Shows: how limit and offset interact and how to calculate the correct offset for a given page number.

To find it: add rowid to the select clause and run the query. If the first returned row has rowid = 12 but the page should start at row 11, the offset is off by one. The formula is (page_number - 1) * page_size, so page 3 with page size 5 gives offset 10.

Calculate the average score per student

Run this query and compare the mass_kg column to the body_mass_g column. Do the kilogram values look right for a penguin that weighs, say, 3750 g?

-- Show body mass in kilograms for the first 10 penguins.
select species, body_mass_g,
    body_mass_g / 1000 as mass_kg
from penguins
limit 10;

Show explanation

A query that converts body mass from grams to kilograms silently truncates the result because SQLite performs integer division when both operands are integers; the bug is dividing by 1000 instead of 1000.0.

Shows: how to force floating-point arithmetic in SQL and why checking computed columns against known values catches this class of error.

To find it: run select body_mass_g, body_mass_g / 1000 as mass_kg from penguins limit 5. A penguin weighing 3750 g should show 3.75 kg; if it shows 3, integer division is truncating the decimal. Change 1000 to 1000.0 and rerun.

List unique participants in a study

Run this query and count the rows returned. How many distinct species are in the dataset? Does the row count match that number?

-- List the distinct species found in the penguins dataset (one row per species).
select distinct species, sex
from penguins;

Show explanation

A query intended to list the distinct species in the dataset returns seven rows instead of three because distinct is applied to both species and sex, producing one row per unique (species, sex) combination; the bug is including sex in the select clause.

Shows: that distinct operates on the entire set of selected columns, not on individual ones.

To find it: run select count(*) from (select distinct species from penguins). If that returns 3 but the original query returns 7, the extra column is what is producing the extra rows.
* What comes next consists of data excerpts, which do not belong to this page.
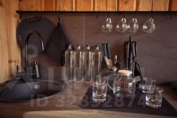 На территории расположены 7 гостевых домов, выполненных в современном, лаконичном эко-дизайне с акцентом на натуральных материалах. Во всех домах загородного бутик-отеля стены выполнены из кедра, используется натуральный текстиль высшего качества, соляные лампы, панорамные окна выходят на реликтовый лес - можно в комфорте наслаждаться природой, тишиной, пением птиц, наблюдать за животными в естественной среде обитания. Каждый гостевой дом оборудован мини-кухней.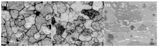 Figure 11 presents cross-sectional microstructure of the ø8.9 mm tungsten alloy rod annealed at different temperatures. After annealing at 2000 °C (Figure 11a), fine subgrains are observed at grain boundaries, indicating incomplete recrystallization as significant grain growth has not occurred. Figure 11b shows that grains gradually coarsen and the fraction of recrystallized grains increases. At an annealing temperature of 2300 °C (Figure 11c), further grain growth occurs, and fine subgrains evolve into new equiaxed grains.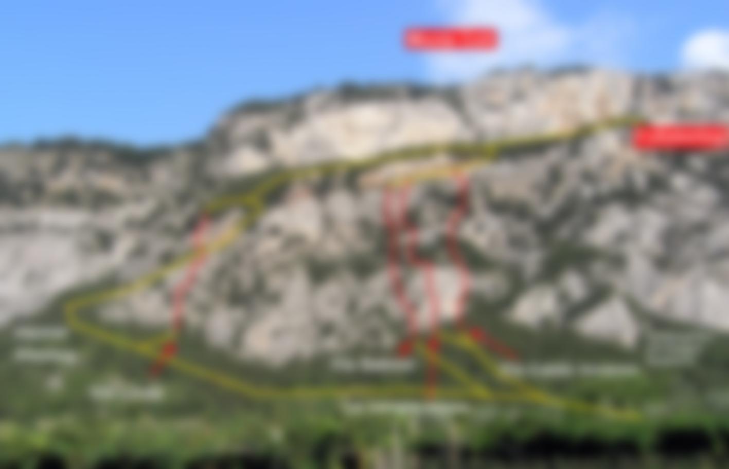 Am Beginn der San-Paolo-Felswände führt ein Steiglein hinauf zum Klettergarten (mit einem markanten Doppelrissdach). Links davon die Wand entlang, die Route ist groß angeschrieben (Schlinge). Die Route verläuft links vom Klettergarten mit dem markanten kleinen Rissdach (siehe Übersichtsbild).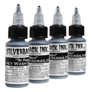 Includes 4x 1oz bottles of XXX Grey Wash inks by Silverback InkˆšÃ‡¬Ã† Precisely blended using Silverback InkˆšÃ‡¬Ã† XXX Black. Four distinct shades included, ranging from XXX1 as the lightest to XXX4 as the darkest of this series. XXX1 is perfect for those subtle tones. XXX2 is slightly darker, and ideal for grey lining a multiple-sitting piece. XXX3 is the perfect midtone. XXX4 is the darkest shade of this series. Goes into the skin as easily as it wipes off. Processed in a sterile facility. Packaged with a 100% tamper evident seal in the EU. Made in USA. By a tattooer for tattooers!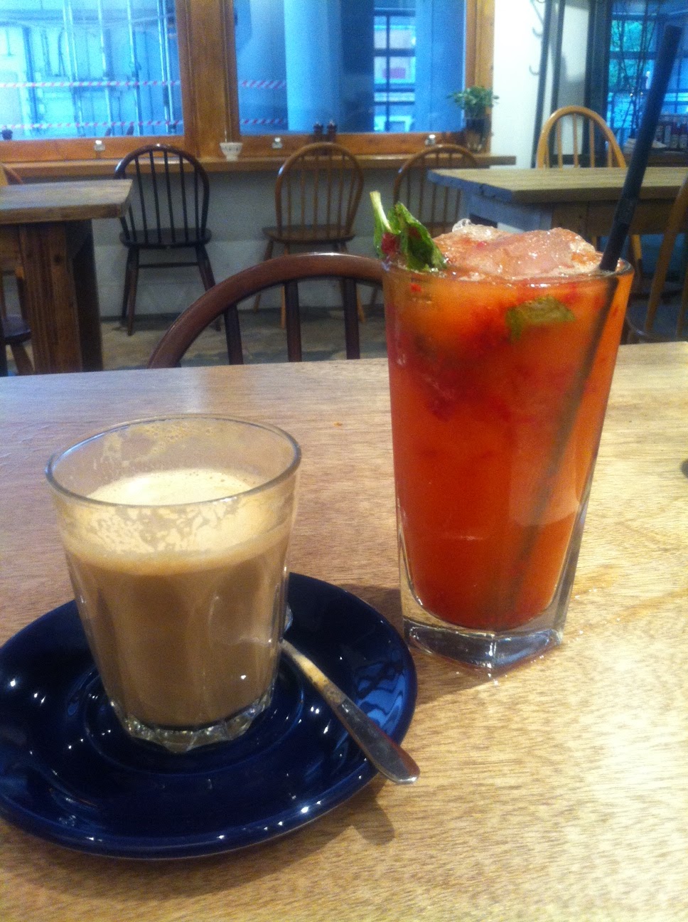 Almond bircher muesli with baked apple was another great dish and also super filling – so filling we couldn’t finish it. A Latte was served strong and hot whilst the fresh juices were particularly nice with an Orange, Raspberry and Mint concoction scoring high on our juice-o-meter.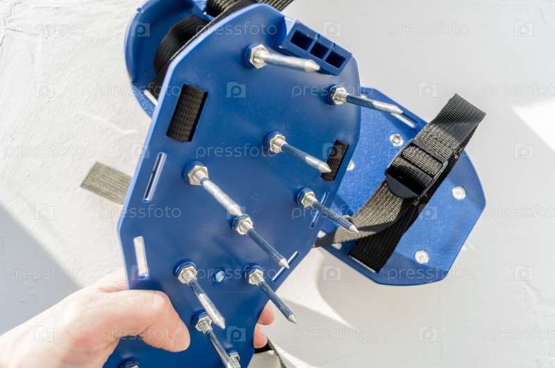 Ножной аэратор для заливки бетонного пола и аэрации газона. Аэрационные босоножки с шипами. Сделай сам. Строительные материалы и спецодежда. Селективный фокус

Find records with no assigned reviewer

Run this query. How many rows does it return? Are there penguins in the table whose sex was not recorded?

-- Find all penguins whose sex was not recorded.
select *
from penguins
where sex = null;

Show explanation

A query that tries to find penguins with no recorded sex returns zero rows because comparing any value to null with = produces null (not true) in SQL's ternary logic, so the where clause never passes; the bug is using = null instead of is null.

Shows: SQL's three-valued logic and the two special tests is null and is not null.

To find it: run select count(*) from penguins where sex is null. If that returns a nonzero count but where sex = null returns zero, the = test is failing because null comparisons always produce null, never true.

Filter for records in two different categories

Run this query. How many rows does it return? Choose a penguin you know is on Biscoe island from a previous query and check whether it appears here.

-- Find all penguins from either Biscoe island or Dream island.
select species, island, sex
from penguins
where island = 'Biscoe' and island = 'Dream';

Show explanation

A query that should return penguins from either Biscoe or Dream island returns zero rows because and requires both conditions to be true at the same time, but a penguin can only be on one island; the bug is using and where or is needed.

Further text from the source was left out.